Important progress has been achieved in recent years with regards to the monocular SLAM problem, which consists of estimating the 6-D pose of a single camera, whilst building a 3-D map representation of scene structure observed by the camera. Nowadays, there exist various monocular SLAM systems capable of outputting camera and map estimates at camera frame rates over long trajectories and for indoor and outdoor scenarios. These systems are attractive due to their low cost - a consequence of using a conventional camera - and have been widely utilised in different applications such as in augmented and virtual reality.
However, the main utility of the built map has been reduced to work as an effective reference system for robust and fast camera localisation. In order to produce more useful maps, different works have proposed the use of higher-level structures such as lines, planes and even meshes. Planar structure is one of the most popular structures to be incorporated into the map, given that they are abundant in man-made scenes, and because a plane by itself provides implicit semantic cues about the scene structure. Nevertheless, very often planar structure detection is carried out by ad-hoc auxiliary methods delivering a delayed detection and therefore a delayed mapping which becomes a problem when rapid planar mapping is demanded.

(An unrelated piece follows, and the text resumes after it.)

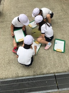 ザリガニ釣りの後には,観察シートに,観察して分かったことを絵に描いてみたり,言葉や文章で書いたりしました。

My thesis work addresses the problem of planar structure detection and mapping by proposing a novel mapping mechanism called structure-driven mapping. This new approach aims at enabling a monocular SLAM system to perform planar or point mapping according to scene structure observed by the camera. In order to achieve this, we propose to incorporate the plane detection task into the SLAM process. For this purpose, we have developed a novel framework that unifies planar and point mapping under a common parameterisation. This enables map components to evolve according to the incremental visual observations of the scene structure thus providing undelayed planar mapping. Moreover, the plane detection task stops as soon as the camera explores a non planar structure scenario, which avoids wasting unnecessary processing time, starting again as soon as planar structure gets into view.
In my thesis I present a thorough evaluation of this novel approach through simulation experiments and results obtained with real data. I also present a visual odometry application which takes advantage of the efficient way in which the scene structure is mapped by using the novel mapping mechanism presented in this work. Therefore, the results suggest the feasibility of performing simultaneous planar structure detection, localisation and mapping within the same coherent estimation framework.